Populizm a demokracja - rozwiń temat

Transkrypt

Populizm a demokracja - rozwiń temat
Populizm a demokracja - rozwiń temat
Populizm i demokracja są pojęciami ściśle ze sobą związanymi.
Demokracja jest ustrojem, których cechuje rozwinięte kraje zwłaszcza
Europa i Stany Zjednoczone. Demokracja umożliwia uczestnictwo
wszystkim obywatelom w życiu publicznym i politycznym. Każdy ma
prawo do głosowania i każdy ma prawo do wyrażania swojej opinii i
zdania bez jakiejkolwiek ingerencji ze strony osób trzecich. Populizm
wkomponowuje się w ustrój demokratyczny ponieważ bazuje na
aktualnych problemach, które trapi społeczeństwo i dzięki
demokratycznym metodom populiści zdobywają rzesze poparcia. Mówi
się powszechnie, że populizm jest dzieckiem demokracji, ponieważ
populista wybierany jest w drodze demokratycznego głosowania będzie
on tak dostosowywał swój program polityczny do aktualnych problemów
aby zyskać poparcie ludności. Demokracja umożliwiła udział w życiu publicznym każdemu
obywatelowi, każdy obywatel może więc działać jako populista i
wykorzystywać trendy i tendencje w celu osiągnięcia zysku.

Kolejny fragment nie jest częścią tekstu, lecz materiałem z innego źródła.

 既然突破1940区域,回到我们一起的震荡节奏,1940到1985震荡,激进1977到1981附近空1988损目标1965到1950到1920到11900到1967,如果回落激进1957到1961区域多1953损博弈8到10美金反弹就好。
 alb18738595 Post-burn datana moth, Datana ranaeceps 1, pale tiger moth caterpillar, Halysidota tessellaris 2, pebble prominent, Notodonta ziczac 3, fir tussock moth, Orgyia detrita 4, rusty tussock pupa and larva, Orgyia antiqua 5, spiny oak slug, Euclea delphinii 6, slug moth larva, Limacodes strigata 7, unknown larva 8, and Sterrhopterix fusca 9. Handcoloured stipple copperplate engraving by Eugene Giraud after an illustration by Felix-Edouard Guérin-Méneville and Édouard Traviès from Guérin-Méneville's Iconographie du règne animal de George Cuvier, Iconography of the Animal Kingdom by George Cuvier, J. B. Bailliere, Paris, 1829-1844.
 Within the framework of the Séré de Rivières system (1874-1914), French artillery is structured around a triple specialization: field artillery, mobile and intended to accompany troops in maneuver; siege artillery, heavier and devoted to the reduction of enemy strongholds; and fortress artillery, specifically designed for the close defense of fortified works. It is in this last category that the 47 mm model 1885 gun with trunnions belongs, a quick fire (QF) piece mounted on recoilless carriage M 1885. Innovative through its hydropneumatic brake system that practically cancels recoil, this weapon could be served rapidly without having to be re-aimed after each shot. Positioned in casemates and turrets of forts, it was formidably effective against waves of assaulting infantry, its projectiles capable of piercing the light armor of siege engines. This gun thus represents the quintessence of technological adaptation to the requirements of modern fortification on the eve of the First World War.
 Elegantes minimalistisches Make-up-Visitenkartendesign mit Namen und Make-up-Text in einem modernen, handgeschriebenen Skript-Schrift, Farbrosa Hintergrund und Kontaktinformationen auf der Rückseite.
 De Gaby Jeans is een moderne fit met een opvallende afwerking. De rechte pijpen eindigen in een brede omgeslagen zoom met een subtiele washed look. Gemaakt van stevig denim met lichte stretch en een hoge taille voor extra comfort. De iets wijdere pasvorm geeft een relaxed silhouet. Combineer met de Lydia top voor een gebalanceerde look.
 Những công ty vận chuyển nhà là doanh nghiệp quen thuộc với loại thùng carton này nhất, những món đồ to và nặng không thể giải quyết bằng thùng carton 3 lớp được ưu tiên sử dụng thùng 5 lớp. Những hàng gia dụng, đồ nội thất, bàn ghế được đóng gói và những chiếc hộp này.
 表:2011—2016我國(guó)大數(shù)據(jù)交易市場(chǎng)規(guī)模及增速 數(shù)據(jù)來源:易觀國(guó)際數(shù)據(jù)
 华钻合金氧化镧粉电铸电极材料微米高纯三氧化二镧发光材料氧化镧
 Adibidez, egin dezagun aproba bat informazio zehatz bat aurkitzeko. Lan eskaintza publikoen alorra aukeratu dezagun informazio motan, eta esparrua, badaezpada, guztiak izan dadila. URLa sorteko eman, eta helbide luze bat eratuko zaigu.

Demokracja pozwala każdemu brać udział w życiu politycznym i to bez
wątpienia jest dużym atutem tego ustroju, z drugiej zaś strony pojawia
się zagrożenie w postaci populizmu. Populista dzięki demokracji,
mogąc kompletnie nie znać się na zarządzaniu państwem jest w stanie
dojść do władzy. Zarzuca się demokracji, że sama jest sobie winna iż
nie potrafi wyłapać populistów i w porę zapobiec ich sukcesom. Populizm cechuje krytyka władzy, jej przedstawicieli i sposobu
sprawowania samej władzy. Społeczeństwo bardzo łatwo wpada w
pułapkę populistów, zasłyszane hasła podchwytliwe koncepcje, bardzo
często przynoszą populistom upragnione efekty. Świat demokracji nie potrafi się przed populizmem bronić, najczęściej
bywa tak, że populizm dominuje w demokracjach najbardziej
rozwiniętych, gdzie powstaje cały szereg problemów, które stanowią
tylko wspaniałą pożywkę dla populistów. Badacze są przekonanie również o tym, że termin populizm mimo
swoich pejoratywnych ocen, jest doskonałą bronią polityczną. Z jednej
strony można każdego oskarżyć o populizm, z drugiej zaś każdy może
być ukrytym populistą. Politycy, którzy przed wyborami omawiają i
poruszają problemy społeczne, czasem zupełnie niepotrzebnie
otrzymują łatkę populistów ze strony swoich konkurentów. Bywa też tak,
że polityk głosząc pewne hasła robi to specjalnie po to aby osiągnąć
poparcie. Demokracja dla wielu jest ustrojem słabym, który nie jest w stanie sam
się obronić przed zagrożeniem terroryzmu czy populizmu. Historycy i
politologowie zwracają uwagę na przypadek Adolfa Hitlera, który do
perfekcji opanował technikę wykorzystywania nastrojów społecznych i
zwyciężył w demokratycznych wyborach, pokonując komunistów i
socjaldemokratów. Przypadek Hitlera jest najlepszym dowodem na siłę
populizmu, nikt przecież kto głosował na Hitlera nie przypuszczał do
czego doprowadzi jego radykalna polityka. Demokracja mimo swojej słabości doskonale się rozwija w krajach
zachodnich. Kolejnym przykładem populizmu w demokracji był polityk
Jorg Haider, austriacki nacjonalista, który wygrał wybory
demokratycznie. Haider wprowadził politykę nacjonalistyczną i
narodową, której Austriacy najwyraźniej potrzebowali. Neonazistowskie
poglądy Haidera zeszły więc na plan dalszy, Haider świetnie
wykorzystał nastroje społeczne i doszedł bez trudu do władzy. Populizm
jak widać jest zagrożeniem, które wciąż jest realne, wciąż może pojawić
się osoba, która dzięki przychylności systemu demokratycznego może
wprowadzić krwawy terror i reżim. Adolf Hitler nie był jedyny, takich przypadków historia zna mnóstwo.
Demokracja w dużej mierze daje się nabrać populistom.